No obstante, una similitud entre Venezuela y Afganistán corresponde a una feminización de la migración, es decir, una migración caracterizada por la división sexual del trabajo en la cual existe un aumento de la migración de los hombres en razón de que las mujeres atiendan a las labores históricamente relegadas del cuidado en los países de origen, esto es, que los cuerpos feminizados desarrollan labores del cuidado en el lugar que residen mientras que los hombres emigran para solventar carencias económicas o socio-políticas de su hogar, bajo estas condiciones, asistimos a unas lógicas extensivas del cuidado, es decir, dichas labores ya no solo hacen parte de una construcción social en el marco nacional sino que se extiende al plano las relaciones internacionales.

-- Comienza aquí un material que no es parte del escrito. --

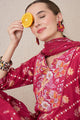 Pink and cream printed kurta with trousers and dupatta
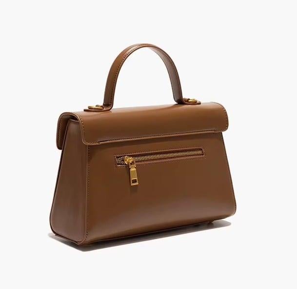 • تصميم فاخر: تتميز الحقيبة بشكلها المستطيل الانسيابي مع حواف ناعمة، وغطاء علوي قابل للطي يغلق بقفل معدني ذهبي اللون بتصميم هندسي مميز وفريد من نوعه يضفي عليها لمسة فنية.
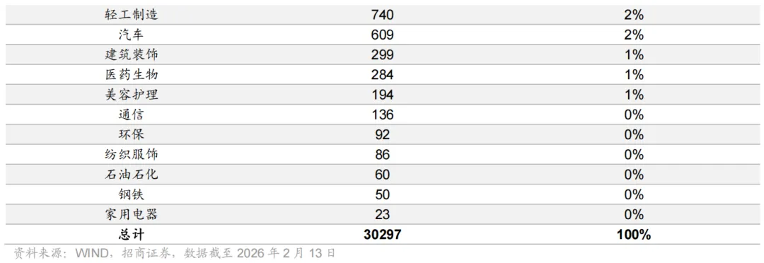 产业链上布局企业方面,以 wind 新材料产业上市公司口径统计,截至 2026 年2 月 13 日,新材料产业链共有上市公司 302 家,总市值达 30297 亿元。
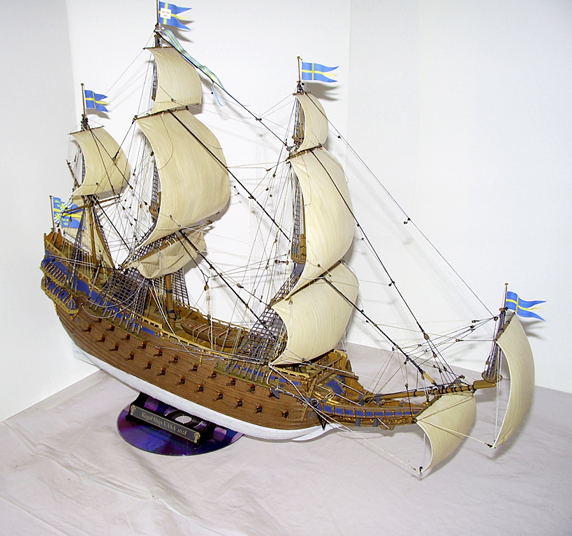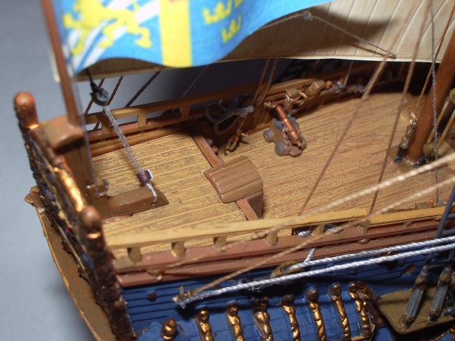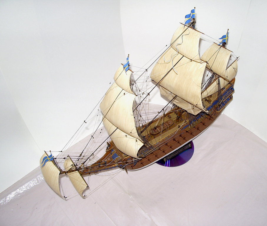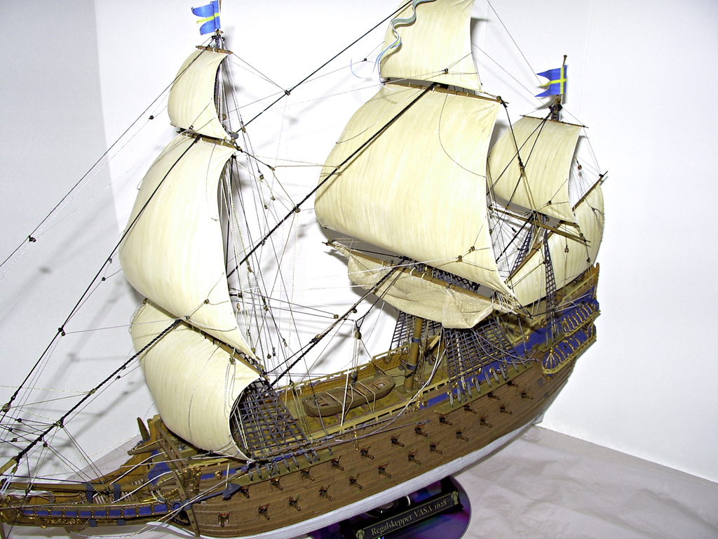 Корпус и рангоут собирал "из коробки". Ориентируясь на модель 1:10 из музея закрыл несколько пушечных портов, прорезал люк под трап за фок мачтой и люк за грот мачтой для талей фала грот рея (пришлось вклеить кусок орудийной палубы и кнехт). Красил по картинкам книги Ландстрема ( BjornLandstrom "TheRoyalWarshipVASA"). Краски - эмалевые и акриловые от Revell. Ванты и паруса (за исключением грота) использовал из набора, пластиковые (избалован Ревелловскими моделями и от перспективы устанавливать юферсы и вязать выбленки прихожу в полнейшее уныние). Инструкция к набору в части такелажа полная лажа. Такелаж старался тянуть используя книгу Ландстрема, чертежи, выложенные Петром (dinozavr) - http://serikoffshipmodels.com/forum/18-128-1 и тщательно разглядывая фотографии модели 1:10 из музея Вазы. Без упрощений, конечно, не обошлось, но старался приблизиться.

Así las cosas, aunque en un primer momento tanto en Afganistán como en Venezuela se le da prioridad a la migración de mujeres y niños, a mediano plazo la feminización de la migración toma lugar. Para ejemplificar, según estadísticas del DANE para los años 2014, 2015, 2017, 2018 y 2019 la migración de población venezolana fue mayoritariamente de hombres[10] y en 2019 en Afganistán la emigración masculina es superior a la femenina, lo que supone el 53.28% de total de hombres, frente 46.71% de emigrantes mujeres[11], situación que puede ser esperada a la luz de la actual crisis migratoria.
Como consecuencia de lo antes enunciado, el gobierno de Iván Duque deberá adoptar una estrategia diferencial a la táctica usada en la crisis migratoria venezolana para atender la migración proveniente de Asia Meridional, la cual deberá tener en cuenta las características de los inmigrantes y un plan de acción concreto para la reducción de riesgos y costos, además, requiere prepararse en caso de que Estados Unidos no acepte las visas para los ciudadanos provenientes de Afganistán, ya que, desde 2003, las solicitudes de refugio en Colombia no superan los cien casos anuales[12] y la regularización de condición de refugiados mediante la cancillería puede tomar años en Colombia, lo que quiere decir que no se cuenta con el entramado institucional necesario en caso de dicha posibilidad.
Existe otro punto, se presentan los estereotipos occidentales disruptivos frente a la identidad de las personas migrantes. Desde la lucha contra el terrorismo y el 11S en occidente se radicalizó una representación homogénea de los afganos (y el resto de países de esa geografía) en el concepto de “árabe”, esta reúne un conjunto de prácticas y estéticas que hacen indistinguible al afgano y sus particularidades, en muchos casos esta compactación resulta en xenofobia. Nuestra experiencia en la migración venezolana no es un buen ejemplo de adaptación e integración a sujetos migrantes, la temporalidad que pregona el gobierno da la oportunidad de situar nuevamente en el debate las transformaciones de los estereotipos.
En síntesis, el marco contextual de la política exterior estadounidense y las falencias en los ejes en la agenda exterior del gobierno colombiano dieron cabida a la migración “transitoria” de afganos. Entre tanto, pese a que no hay interés en captar fondos económicos a corto plazo sí hay un objetivo decisivo en la captación de recursos políticos a partir de la relación bilateral y, consigo, recursos económicos a largo plazo. Por último, existe una experiencia con la crisis migratoria venezolana, pero esta es notablemente diferente a la migración proveniente de Afganistán. Por tanto, Colombia necesita adoptar medidas heterogéneas y concretas, prepararse ante la posibilidad de que Estados Unidos no otorgue las visas y adoptar estrategias de sensibilización debido a los potenciales conflictos sociales en razón de la xenofobia, entendiendo la dificultad de adaptación que tendrían los inmigrantes afganos.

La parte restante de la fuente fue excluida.